(Input material begins)

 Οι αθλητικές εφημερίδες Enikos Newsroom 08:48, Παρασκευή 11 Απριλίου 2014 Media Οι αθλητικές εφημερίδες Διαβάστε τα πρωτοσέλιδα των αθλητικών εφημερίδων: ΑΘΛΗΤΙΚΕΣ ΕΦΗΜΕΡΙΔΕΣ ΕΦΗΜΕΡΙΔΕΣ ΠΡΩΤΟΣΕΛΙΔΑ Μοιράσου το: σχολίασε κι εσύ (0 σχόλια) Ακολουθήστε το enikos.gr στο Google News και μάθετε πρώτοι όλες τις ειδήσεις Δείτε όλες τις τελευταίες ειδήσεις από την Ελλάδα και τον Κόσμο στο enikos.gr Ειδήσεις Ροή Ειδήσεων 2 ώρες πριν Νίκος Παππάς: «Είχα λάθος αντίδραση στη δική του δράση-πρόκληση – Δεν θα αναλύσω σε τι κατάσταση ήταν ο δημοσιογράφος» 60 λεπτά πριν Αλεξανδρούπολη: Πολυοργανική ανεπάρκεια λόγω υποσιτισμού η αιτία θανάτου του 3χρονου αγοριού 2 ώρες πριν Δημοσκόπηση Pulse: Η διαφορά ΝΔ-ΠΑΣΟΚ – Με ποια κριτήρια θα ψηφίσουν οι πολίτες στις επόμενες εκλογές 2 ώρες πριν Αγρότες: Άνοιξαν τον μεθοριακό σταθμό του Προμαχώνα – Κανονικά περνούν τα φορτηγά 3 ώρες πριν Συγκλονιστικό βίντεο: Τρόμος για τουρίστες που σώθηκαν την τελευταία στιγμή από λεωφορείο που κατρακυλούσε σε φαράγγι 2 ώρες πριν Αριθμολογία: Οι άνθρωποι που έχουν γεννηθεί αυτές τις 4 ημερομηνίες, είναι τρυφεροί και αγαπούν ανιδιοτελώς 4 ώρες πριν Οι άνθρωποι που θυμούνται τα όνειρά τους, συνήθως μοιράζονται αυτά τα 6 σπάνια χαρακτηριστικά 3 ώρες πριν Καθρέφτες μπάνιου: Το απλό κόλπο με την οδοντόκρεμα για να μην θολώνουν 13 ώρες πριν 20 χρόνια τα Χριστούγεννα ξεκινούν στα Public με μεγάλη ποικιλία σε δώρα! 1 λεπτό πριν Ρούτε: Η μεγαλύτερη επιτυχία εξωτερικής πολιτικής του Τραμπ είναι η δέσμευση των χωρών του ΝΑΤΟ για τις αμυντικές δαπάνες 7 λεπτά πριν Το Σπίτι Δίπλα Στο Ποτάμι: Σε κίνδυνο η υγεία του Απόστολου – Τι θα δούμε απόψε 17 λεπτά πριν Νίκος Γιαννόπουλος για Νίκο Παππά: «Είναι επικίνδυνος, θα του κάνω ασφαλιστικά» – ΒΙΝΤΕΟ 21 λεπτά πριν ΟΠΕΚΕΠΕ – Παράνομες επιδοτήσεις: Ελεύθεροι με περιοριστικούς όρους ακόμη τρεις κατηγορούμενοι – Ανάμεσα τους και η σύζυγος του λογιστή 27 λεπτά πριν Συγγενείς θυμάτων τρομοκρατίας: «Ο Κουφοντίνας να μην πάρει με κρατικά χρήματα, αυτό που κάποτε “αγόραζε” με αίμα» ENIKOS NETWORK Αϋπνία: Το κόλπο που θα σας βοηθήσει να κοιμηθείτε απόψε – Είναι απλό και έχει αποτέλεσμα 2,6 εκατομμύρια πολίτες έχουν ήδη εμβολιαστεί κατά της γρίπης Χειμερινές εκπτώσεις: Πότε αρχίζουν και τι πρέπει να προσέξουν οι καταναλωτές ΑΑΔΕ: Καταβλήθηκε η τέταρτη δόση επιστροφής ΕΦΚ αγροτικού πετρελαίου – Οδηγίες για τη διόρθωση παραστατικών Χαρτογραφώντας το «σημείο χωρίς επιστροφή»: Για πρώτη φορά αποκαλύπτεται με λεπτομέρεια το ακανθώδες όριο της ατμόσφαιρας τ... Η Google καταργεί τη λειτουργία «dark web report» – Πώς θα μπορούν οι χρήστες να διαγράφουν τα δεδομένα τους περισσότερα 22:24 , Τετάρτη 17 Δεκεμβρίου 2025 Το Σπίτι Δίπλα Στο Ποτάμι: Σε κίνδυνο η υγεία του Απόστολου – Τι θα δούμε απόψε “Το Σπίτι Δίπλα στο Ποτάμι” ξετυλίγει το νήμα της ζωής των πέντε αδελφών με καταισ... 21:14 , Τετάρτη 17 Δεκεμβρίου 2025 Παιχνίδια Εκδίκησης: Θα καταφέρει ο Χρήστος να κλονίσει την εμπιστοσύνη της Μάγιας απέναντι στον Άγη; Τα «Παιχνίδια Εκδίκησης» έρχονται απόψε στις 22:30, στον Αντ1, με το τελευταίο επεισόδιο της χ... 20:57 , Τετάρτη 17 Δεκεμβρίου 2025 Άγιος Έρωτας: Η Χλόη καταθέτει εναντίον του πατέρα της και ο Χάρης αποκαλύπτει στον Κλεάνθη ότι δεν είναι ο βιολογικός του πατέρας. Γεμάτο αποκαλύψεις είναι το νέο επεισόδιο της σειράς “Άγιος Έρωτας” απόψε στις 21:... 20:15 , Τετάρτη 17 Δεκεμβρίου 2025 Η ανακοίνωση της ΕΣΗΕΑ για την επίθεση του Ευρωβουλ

(Input material ends)
(Input material begins)

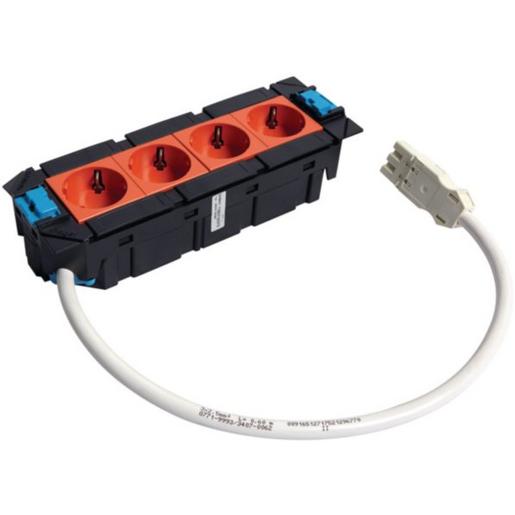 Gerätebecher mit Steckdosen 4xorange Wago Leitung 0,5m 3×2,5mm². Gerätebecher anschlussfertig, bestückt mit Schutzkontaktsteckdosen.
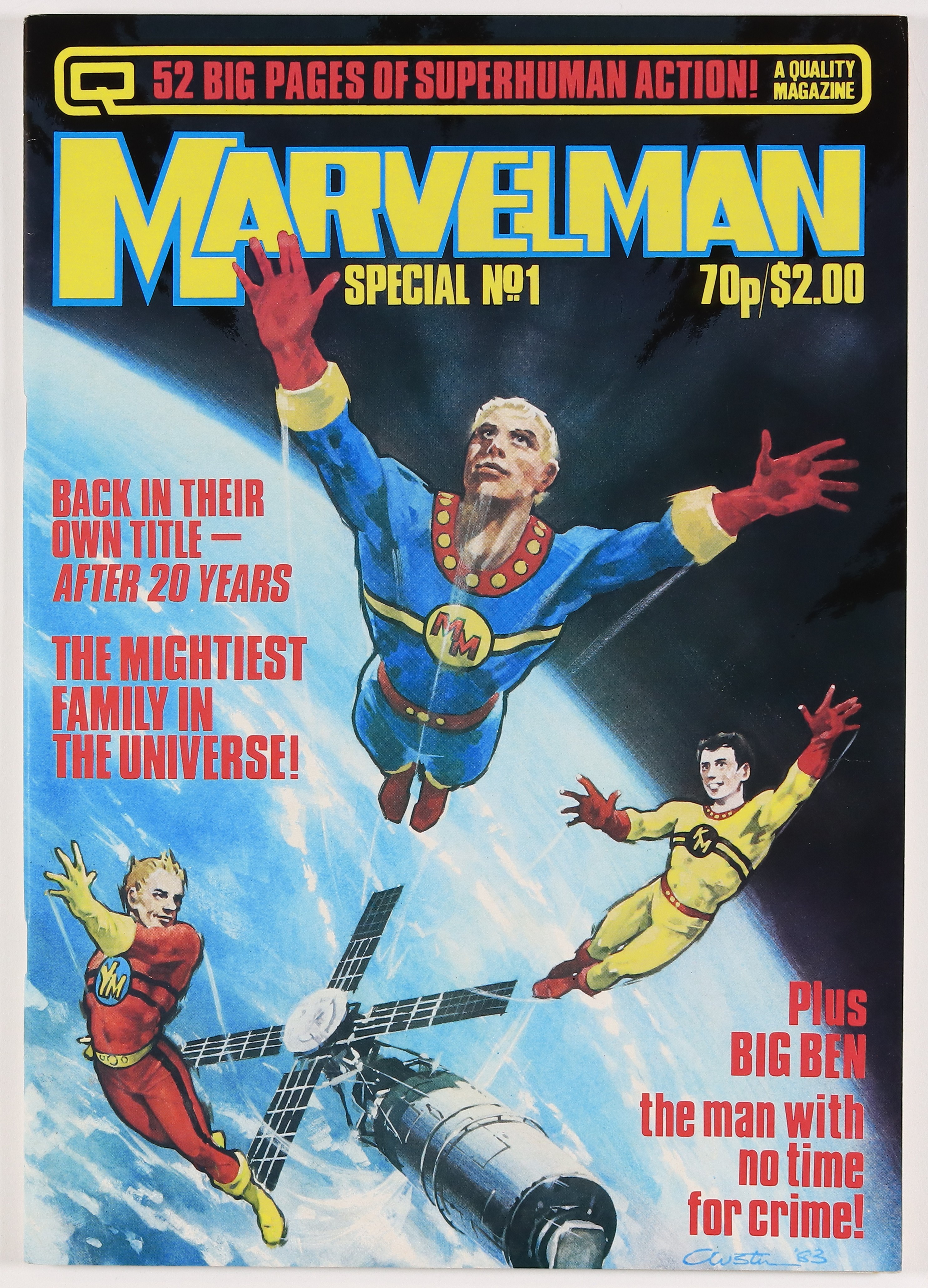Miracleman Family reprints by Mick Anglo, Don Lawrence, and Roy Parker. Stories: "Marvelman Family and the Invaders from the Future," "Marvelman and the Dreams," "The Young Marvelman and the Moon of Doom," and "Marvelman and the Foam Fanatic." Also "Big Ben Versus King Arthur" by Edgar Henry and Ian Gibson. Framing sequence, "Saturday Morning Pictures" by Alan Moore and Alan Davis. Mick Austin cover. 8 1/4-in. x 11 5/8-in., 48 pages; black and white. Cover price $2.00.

(Input material ends)
(Input material begins)

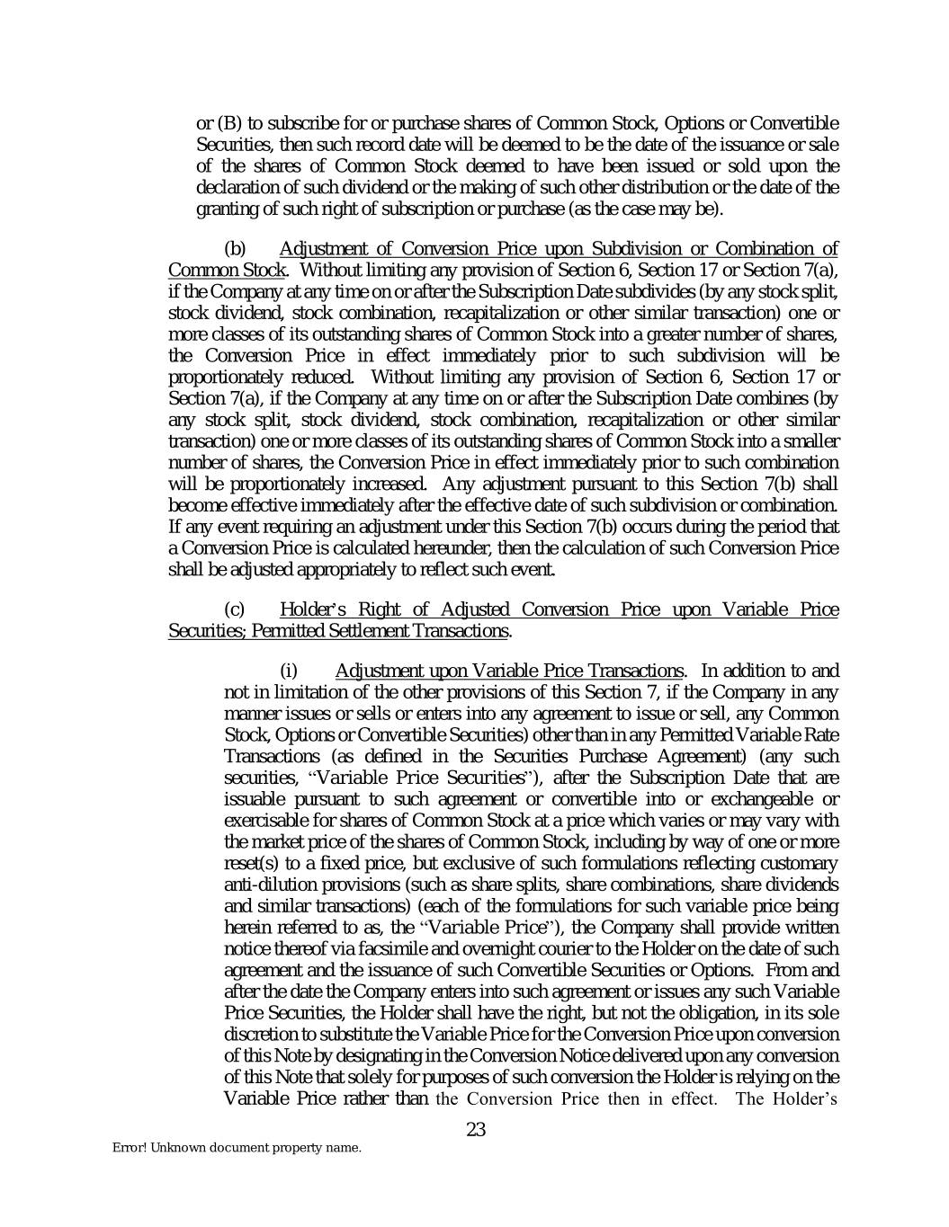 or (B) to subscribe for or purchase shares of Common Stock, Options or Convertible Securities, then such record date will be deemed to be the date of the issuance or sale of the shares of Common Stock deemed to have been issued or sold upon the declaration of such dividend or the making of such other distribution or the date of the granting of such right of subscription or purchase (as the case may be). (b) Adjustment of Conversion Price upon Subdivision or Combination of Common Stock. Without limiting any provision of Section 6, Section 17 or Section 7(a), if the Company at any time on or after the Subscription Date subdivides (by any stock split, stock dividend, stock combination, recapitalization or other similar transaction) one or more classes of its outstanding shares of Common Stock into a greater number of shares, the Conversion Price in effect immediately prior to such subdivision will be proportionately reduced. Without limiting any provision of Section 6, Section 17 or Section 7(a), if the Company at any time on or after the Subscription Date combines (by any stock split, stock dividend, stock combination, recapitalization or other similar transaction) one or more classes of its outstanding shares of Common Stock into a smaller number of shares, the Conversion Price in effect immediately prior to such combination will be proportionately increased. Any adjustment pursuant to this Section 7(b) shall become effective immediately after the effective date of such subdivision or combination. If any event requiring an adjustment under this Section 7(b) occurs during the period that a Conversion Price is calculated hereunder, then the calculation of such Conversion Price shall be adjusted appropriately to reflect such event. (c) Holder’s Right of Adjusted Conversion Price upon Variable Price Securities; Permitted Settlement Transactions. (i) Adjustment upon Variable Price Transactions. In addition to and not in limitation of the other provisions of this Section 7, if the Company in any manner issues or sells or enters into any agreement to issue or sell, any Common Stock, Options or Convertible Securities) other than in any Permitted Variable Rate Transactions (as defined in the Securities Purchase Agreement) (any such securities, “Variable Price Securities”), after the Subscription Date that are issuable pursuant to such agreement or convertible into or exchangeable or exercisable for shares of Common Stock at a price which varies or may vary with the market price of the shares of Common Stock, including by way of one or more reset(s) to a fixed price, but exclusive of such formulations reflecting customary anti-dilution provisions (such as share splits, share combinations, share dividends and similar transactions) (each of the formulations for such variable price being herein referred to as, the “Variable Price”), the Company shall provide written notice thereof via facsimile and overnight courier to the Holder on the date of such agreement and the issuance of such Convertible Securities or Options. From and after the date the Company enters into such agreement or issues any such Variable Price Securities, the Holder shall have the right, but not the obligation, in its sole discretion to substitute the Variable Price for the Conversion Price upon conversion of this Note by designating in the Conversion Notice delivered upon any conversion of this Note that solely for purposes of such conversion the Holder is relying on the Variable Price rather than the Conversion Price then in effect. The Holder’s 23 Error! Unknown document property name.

(Input material ends)

● **Exercise details**: Which part of the entries opens with the line containing "Gerätebecher mit Steckdosen" and closes with the line containing "Miracleman Family reprints"? Output that part exactly, ends included, pictures excluded.

● **Completed task**:
 Gerätebecher mit Steckdosen 4xorange Wago Leitung 0,5m 3×2,5mm². Gerätebecher anschlussfertig, bestückt mit Schutzkontaktsteckdosen.
Miracleman Family reprints by Mick Anglo, Don Lawrence, and Roy Parker. Stories: "Marvelman Family and the Invaders from the Future," "Marvelman and the Dreams," "The Young Marvelman and the Moon of Doom," and "Marvelman and the Foam Fanatic." Also "Big Ben Versus King Arthur" by Edgar Henry and Ian Gibson. Framing sequence, "Saturday Morning Pictures" by Alan Moore and Alan Davis. Mick Austin cover. 8 1/4-in. x 11 5/8-in., 48 pages; black and white. Cover price $2.00.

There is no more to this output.